Artificial intelligence in 2021. The AI ​​revolution is gaining momentum – Science

Also read: Technological innovations that change the course of history – at your fingertips. On your own phone

Until recently, such solutions were only seen in science fiction movies, but today they are becoming a reality. The Chinese Social Trust System – a database of points awarded for the daily behavior of citizens – is already being tested in several regions of China. This would not be possible without the rapid development of intelligent facial recognition programs. However, artificial intelligence can do so much more and our lives are starting to depend on it.

I understand you well

Work on artificial intelligence has been going on for at least half a century, but until recently machines had intelligence in name only and their operation was the result of simple programming. – The breakthrough came when we learned to create algorithms that acquired the ability to learn independently – says prof.
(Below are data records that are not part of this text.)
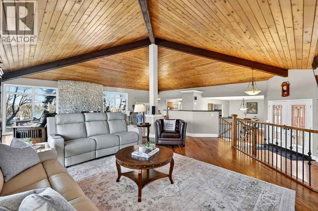Welcome to an exceptional lifestyle property in the sought-after Red Deer Lake area, just minutes from Spruce Meadows and a short 5 minute drive to the amenities of Calgary. This beautifully maintained ranch-style home offers the perfect balance of peaceful country living and everyday convenience, making it ideal for families, professionals, and anyone seeking space, privacy, and long-term value.Designed for both comfort and functionality, the main level features four spacious bedrooms, including a private primary retreat with a spa-inspired ensuite complete with rain shower and generous walk-in closet. Thoughtful finishes such as hardwood flooring, vaulted ceilings, and quality fixtures create a warm yet refined atmosphere throughout the main living spaces. The bright, open layout connects the upgraded kitchen, dining area, and living room, making it equally suited for entertaining or relaxed daily living.The freshly updated lower level expands your lifestyle possibilities with luxury vinyl plank flooring, a full bathroom, wet bar, games area, hobby room, and extensive storage including a cold room and wine cellar, ideal for entertaining, recreation, or multigenerational flexibility.Outdoors, the property truly shines as a private retreat. Enjoy gorgeous mountain views, a semi-inground gas-heated pool, multiple patios, a gazebo with fire pit, low-maintenance landscaping, and plenty of room for play, gatherings, or quiet evenings under the sky with the Rocky Mountains as your backdrop! Families will appreciate the dedicated play structure and even a covered school bus shelter at the driveway for added convenience.Car enthusiasts, hobbyists, or business owners will recognize the exceptional value of the heated oversized triple garage with epoxy floors and workspace, plus a separate single garage perfect for equipment, storage, or projects. A renovated mudroom with lockers and direct garage access keeps daily life organized and efficient.Set in a tranquil setting only minutes to groceries, medical services, and daily essentials, this property delivers the rare combination of rural serenity, functional space, and city accessibility. With extensive upgrades already completed and pride of ownership evident throughout, this is more than a home⦠itâs a lifestyle opportunity in one of the regionâs most desirable country residential communities. (id:27476)
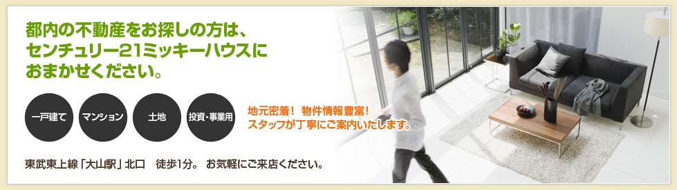 当社は、板橋区・豊島区・練馬区・文京区・北区等で一戸建住宅の分譲を行っています。テーマは「安全」に「健康」に暮らせる住まいづくり。間取り計画や外観デザインにも当社が培ったノウハウのすべてを注ぎ込んでいる『Vstesシリーズ』。ぜひ、現地でご確認ください。また賃貸仲介では東武東上線大山駅周辺のアパート・賃貸マンションを多数紹介させていただいています。インターネットにも多くの物件情報を更新しています。1度ご覧になってください。
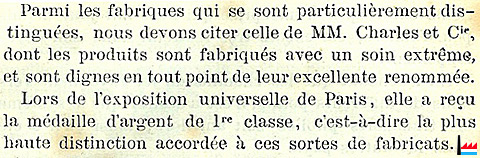 | 1876 | Auguste Charles & Cie Participation à l'Exposition Universelle à Philadelphie |
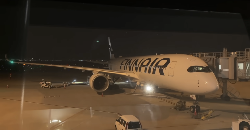 搭乗口で待っていたのは、真っ白な機体に「FINNAIR」の文字が美しく映えるエアバスA350。これ以上ないほどシンプルなデザインですが、その潔さがかえって北欧らしい知性とセンスを感じさせます。さあ、初のヘルシンキへ向けて、レッツゴー!!
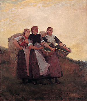 温斯洛·霍默,1836年2月24日出生于波士顿一个中产阶级的家庭。父亲查理·霍默是位商人,母亲赫里埃塔·本森是个业余美术爱好者,曾在私立美术学校学过水彩画技法,霍默从小也就有了良好的艺术熏陶。19岁时,霍默在波士顿一个版画印刷店做学徒,两年后,他结束了学徒的生活,走上了职业绘画的道路,为刚创办的《哈泼周刊》供稿和为该刊的文字稿插图,并因这些刊登在《哈泼周刊》的画而小有名气。但他并不满足于此,1859年秋天,霍默由波士顿迁往纽约,进入纽约的国立美术学院学习,同时向油画家弗雷德里克·龙德学习油画,并开始懂得艺术要给人带来快乐、愉悦和美的享受,更重要是传达思想,告诉人们人生的道理,让人们获得生活的勇气和力量。就像有一位艺评家对其作品的评说:“在美国,从无一幅画能引起人们的如许感触。”

Ryszard Tadeusiewicz, a specialist in the field of artificial intelligence from the AGH University of Science and Technology in Krakow. It’s called machine learning, machine learning, through which machines can draw conclusions and develop their skills. – For example, the famous program DeepMind for playing the Chinese puzzle GO, which defeated a human grandmaster three years ago, first played with itself for several hundred hours, analyzed its mistakes, learned to predict the moves of the opponent and played better and better – says Prof. Tadeusiewicz.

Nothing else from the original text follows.